Records for processing Start Marker

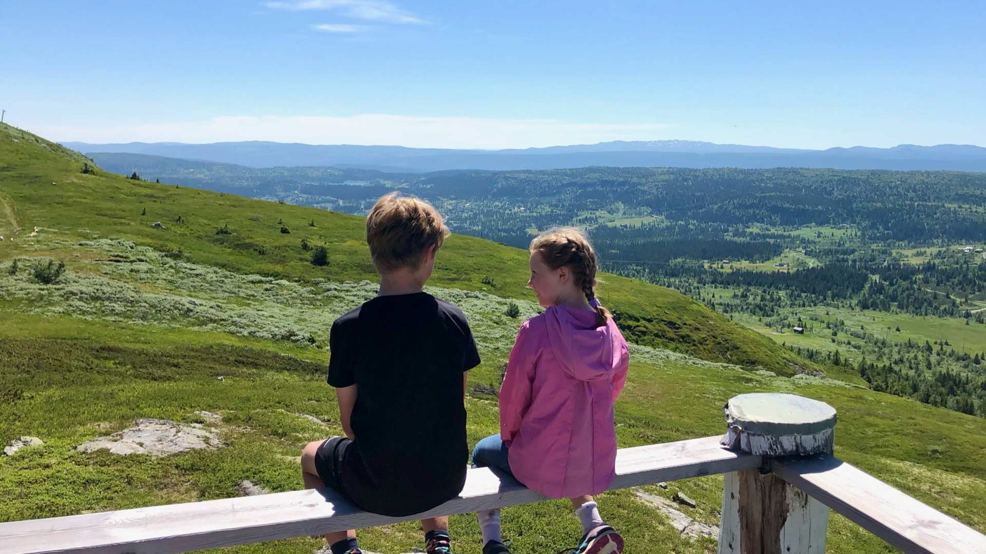 Mandag leide vi voksne fulldempede el-sykler for å komme oss litt lenger opp på fjellet. For at barna skulle orke å sykle opp de bratte bakkene fikk vi med «Shotgun Tow rope», som var et elastisk tau som kunne kobles fra voksensykkel til barnesykkel ved behov. Vi syklet «Åttern» bortover forbi Galtenheisen, svingte til høyre og syklet oppover mot toppen av fjellet. Det elastiske tauet gikk raskt å feste og fjerne og det var overraskende enkelt for oss voksne å trekke barna opp bakkene. På vei ned tok vi en drikkepause og nøt den flotte utsikten på terrassen til restaurant Galten. Hele veien ned fra fjellet var det godt tilrettelagt terrengsykkel-sti med morsomme broer og svinger.
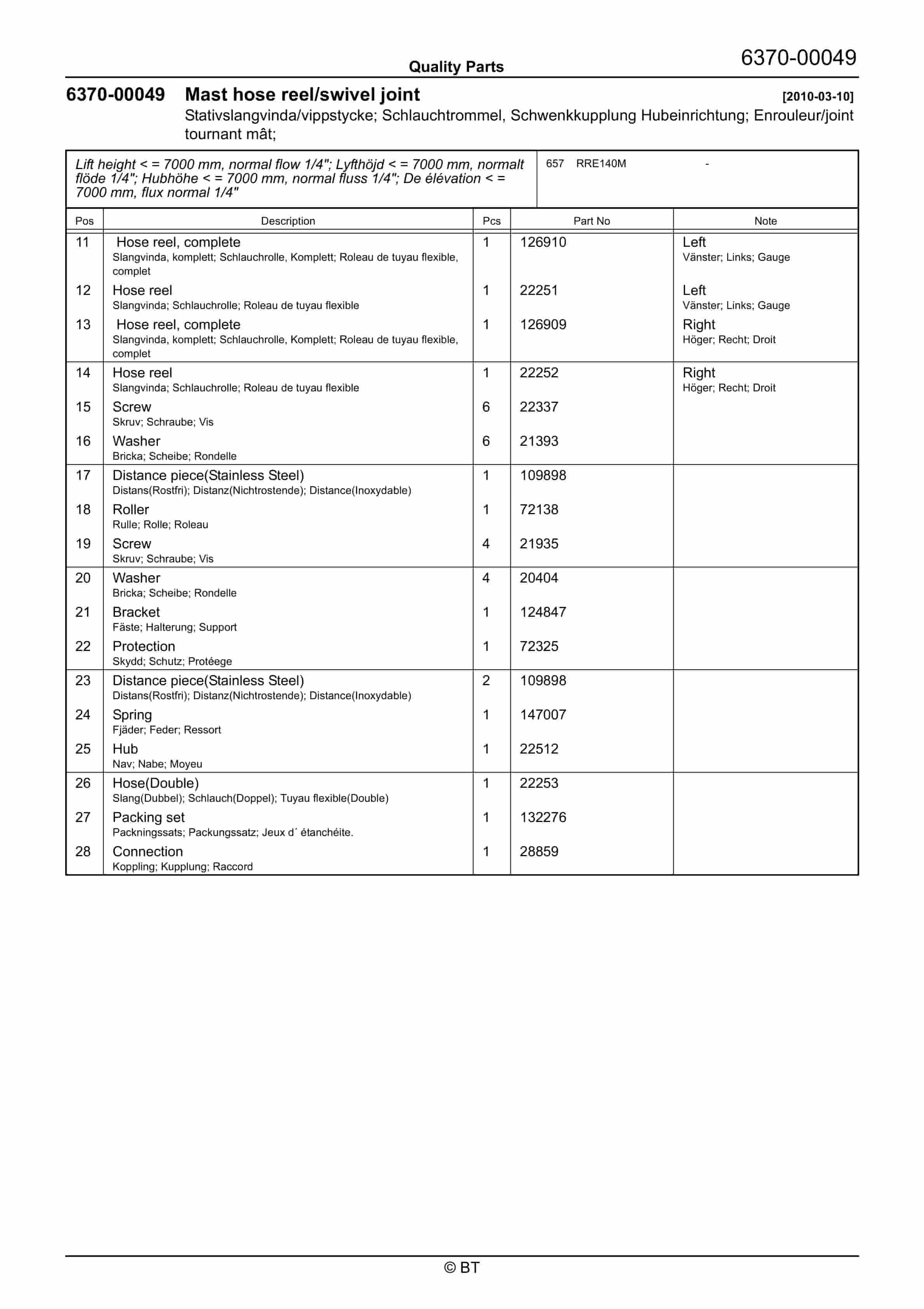 BT RRE140M Quality Parts 7517996
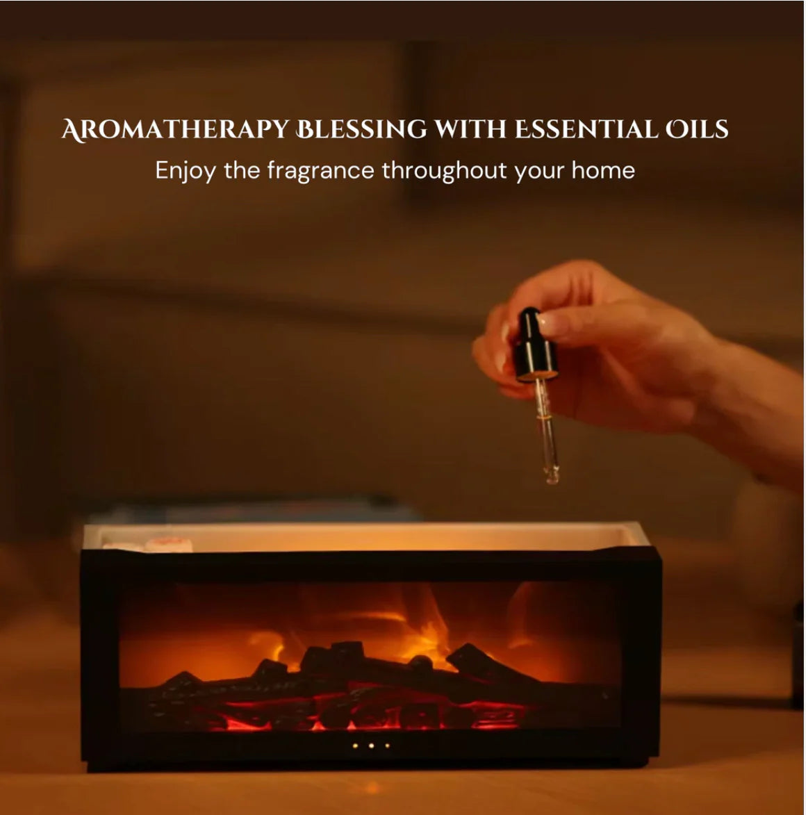 Powered by ultrasonic cool mist technology (2.4MHz) and a 300 ml water tank, this diffuser releases a fine, gentle mist for hours without constant refills, helping ease dry air so your throat, nose, and skin feel more comfortable. As a quiet aromatherapy diffuser, it turns water and a few drops of oil into a calming scented experience that helps you relax, focus, or fall asleep. With 3 x 10 ml essential oils included, you get the full cozy, fireplace-inspired aromatherapy experience right out of the box.
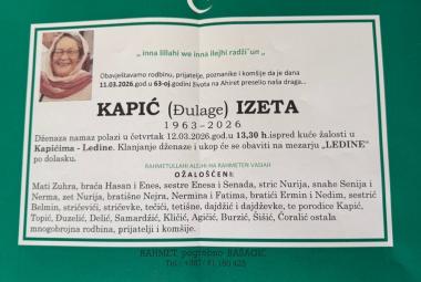 Na Ahiret preselila Kapić (Đulage) Izeta
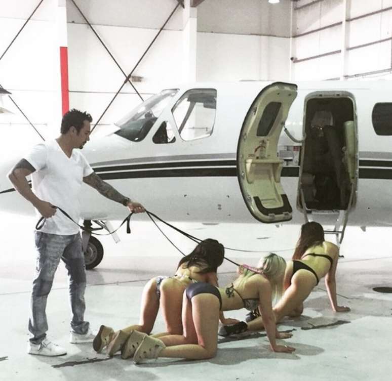 Neste final de semana, o novo “Rei do Instagram” polemizou ao postar uma imagem de mulheres engatinhando, amarradas em coleiras, entrando em um jatinho. A publicação seria sua resposta ao magnata do tabaco Travers Beynon que teria publicado uma imagem semelhante de sua mulher, Taesha, enquanto a segurava por suas alças de biquíni.
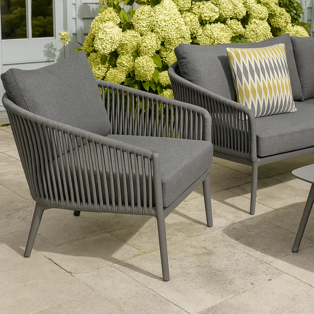 Create a sophisticated outdoor sanctuary with the Urban Weave Collection, a contemporary 4-piece rope lounge set designed for comfort and style. This premium set features a spacious 2-seater sofa, a cozy single lounge chair, and a sleek 2′ x 3′ coffee table, making it perfect for garden gatherings, balcony lounging, or patio relaxation. The tightly hand-woven rope detailing combined with cushions offers both elegance and ergonomic support.
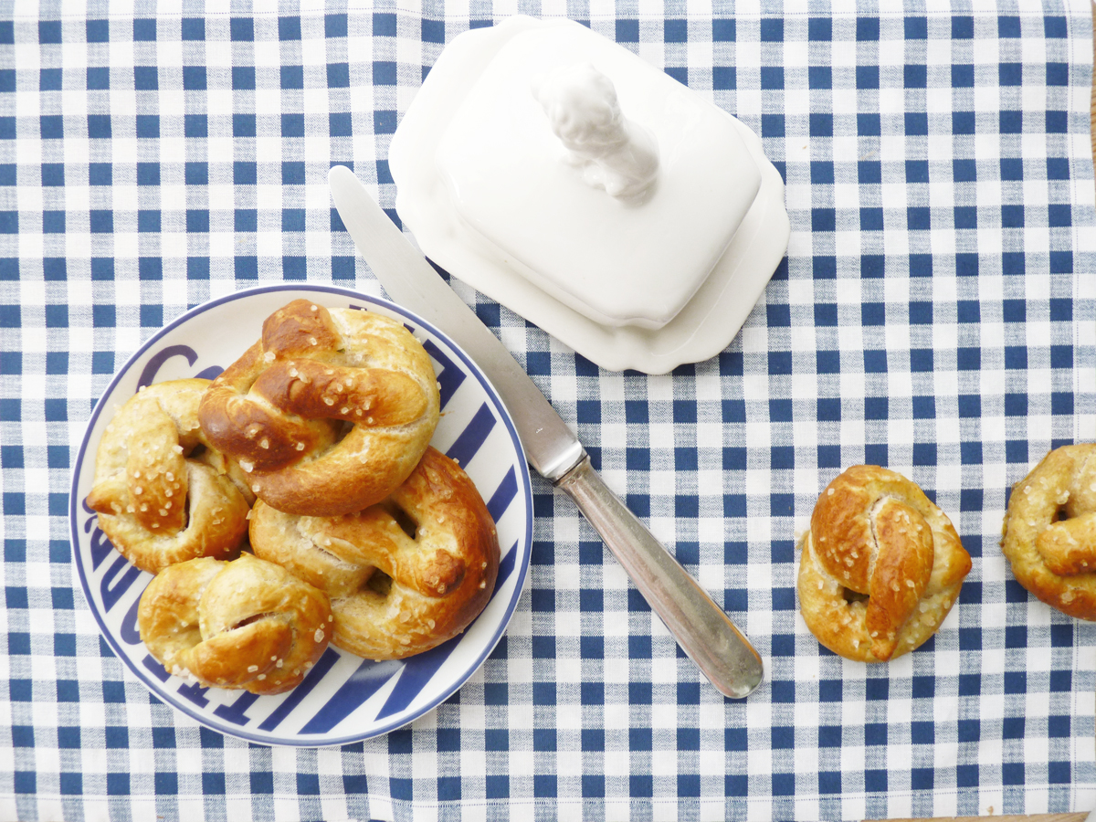 that's why i wanted to make my own soft pretzels, because, for starts, they're soft (surprise!). and in addition i could make them even softer (by not baking them as long etc.). they turned out to be a big success. sure, some of the pretzels turned out looking rather... not pretzel-like at all. more like snails. or ugly piles of dough (not naming the exact connotation you might have had with them...). but: don't be deceived! this is fun to make, easy (apart from the shaping, it requires patience) and oh my, so good. eat them fresh out of the oven, with some good butter smeared on top. and maybe a potatoe salad, because that's how the bavarians would enjoy it. or an obatzda cheese mix. or simply a salted radi. preferrably in a dirndl. but okay, i agree that that's a whole other story...

Records for processing End Marker

What you are asked to do:
Return every record above exactly as written, but drop the pictures.

Exercise response:
 Mandag leide vi voksne fulldempede el-sykler for å komme oss litt lenger opp på fjellet. For at barna skulle orke å sykle opp de bratte bakkene fikk vi med «Shotgun Tow rope», som var et elastisk tau som kunne kobles fra voksensykkel til barnesykkel ved behov. Vi syklet «Åttern» bortover forbi Galtenheisen, svingte til høyre og syklet oppover mot toppen av fjellet. Det elastiske tauet gikk raskt å feste og fjerne og det var overraskende enkelt for oss voksne å trekke barna opp bakkene. På vei ned tok vi en drikkepause og nøt den flotte utsikten på terrassen til restaurant Galten. Hele veien ned fra fjellet var det godt tilrettelagt terrengsykkel-sti med morsomme broer og svinger.
 BT RRE140M Quality Parts 7517996
 Powered by ultrasonic cool mist technology (2.4MHz) and a 300 ml water tank, this diffuser releases a fine, gentle mist for hours without constant refills, helping ease dry air so your throat, nose, and skin feel more comfortable. As a quiet aromatherapy diffuser, it turns water and a few drops of oil into a calming scented experience that helps you relax, focus, or fall asleep. With 3 x 10 ml essential oils included, you get the full cozy, fireplace-inspired aromatherapy experience right out of the box.
 Na Ahiret preselila Kapić (Đulage) Izeta
 Neste final de semana, o novo “Rei do Instagram” polemizou ao postar uma imagem de mulheres engatinhando, amarradas em coleiras, entrando em um jatinho. A publicação seria sua resposta ao magnata do tabaco Travers Beynon que teria publicado uma imagem semelhante de sua mulher, Taesha, enquanto a segurava por suas alças de biquíni.
 Create a sophisticated outdoor sanctuary with the Urban Weave Collection, a contemporary 4-piece rope lounge set designed for comfort and style. This premium set features a spacious 2-seater sofa, a cozy single lounge chair, and a sleek 2′ x 3′ coffee table, making it perfect for garden gatherings, balcony lounging, or patio relaxation. The tightly hand-woven rope detailing combined with cushions offers both elegance and ergonomic support.
 that's why i wanted to make my own soft pretzels, because, for starts, they're soft (surprise!). and in addition i could make them even softer (by not baking them as long etc.). they turned out to be a big success. sure, some of the pretzels turned out looking rather... not pretzel-like at all. more like snails. or ugly piles of dough (not naming the exact connotation you might have had with them...). but: don't be deceived! this is fun to make, easy (apart from the shaping, it requires patience) and oh my, so good. eat them fresh out of the oven, with some good butter smeared on top. and maybe a potatoe salad, because that's how the bavarians would enjoy it. or an obatzda cheese mix. or simply a salted radi. preferrably in a dirndl. but okay, i agree that that's a whole other story...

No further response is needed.